Quelle différence entre cette philosophie & celle qu’on professe aujourd’hui dans les Indes ! Elles sont infectées de la doctrine de Xekia, j’entends de sa doctrine esotérique ; car les principes de l’exotérique sont assez conformes à la droite raison. Dans celle-ci, il admet la distinction du bien & du mal ; l’immortalité de l’ame : les peines à venir ; des dieux ; un dieu suprême qu’il appelle Amida, &c. Quant à sa doctrine ésotérique, c’est une espece de Spinosisme assez mal entendu. Le vuide est le principe & la fin de toutes choses. La cause universelle n’a ni vertu ni entendement. Le repos est l’état parfait. C’est au repos que le philosophe doit tendre, &c. Voyez les articles Philosophie en général, Egyptiens, Chinois, Japonnois, &c.

* INDIFFÉRENCE, s. f. (Gram & Philosophie morale.) état tranquille dans lequel l’ame placée vis-à-vis d’un objet, ne le desire, ni ne s’en éloigne, & n’est pas plus affectée par sa jouissance qu’elle ne le seroit par sa privation.

L’indifférence ne produit pas toûjours l’inaction. Au défaut d’intérêt & de goût, on suit des impressions étrangeres, & l’on s’occupe de choses, au succès desquelles on est de soi-même très-indifférent.

L’indifférence peut naître de trois sources, la nature, la raison & la foi ; & l’on peut la diviser en indifférence naturelle, indifférence philosophique, & indifférence religieuse.

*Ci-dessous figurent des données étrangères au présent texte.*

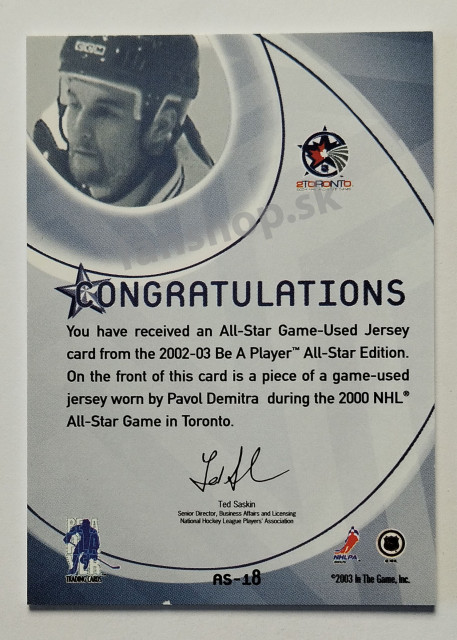 2002-03 Be a Player All-Star Edition Jerseys #AS-18 Pavol Demitra PR100 - karta limitovaná do /100, bez sériového čísla
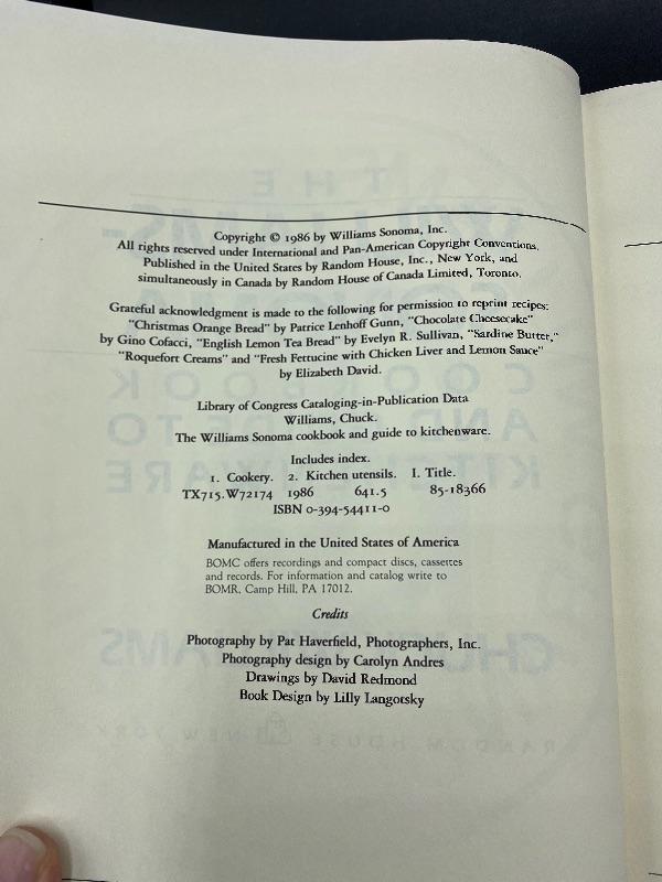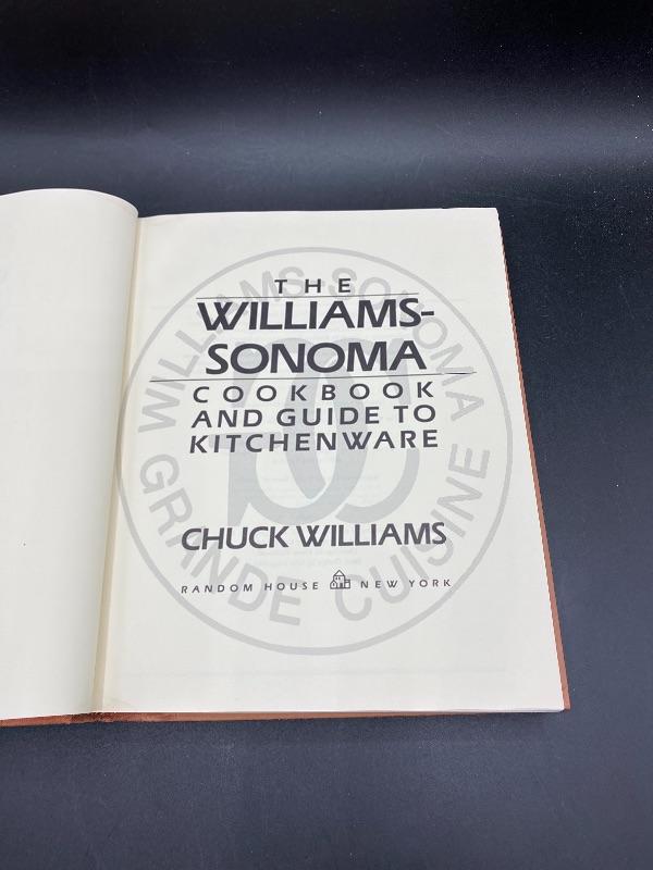 Williams-Sonoma Cookbook and Guide to Kitchenware hardback book. Great section on kitchenware. Recipes show you the best pan to use for dish. 304 pages. Copyright 1986.

L’indifférence naturelle est l’effet d’un tempérament froid. Avec des organes grossiers, un sang épais, une imagination lourde, on ne veille pas ; on sommeille au milieu des êtres de la nature ; on n’en reçoit que des impressions languissantes ; on reste indifférent & stupide. Cependant l’indifférence philosophique n’a peut-être pas d’autre base que l’indifférence naturelle.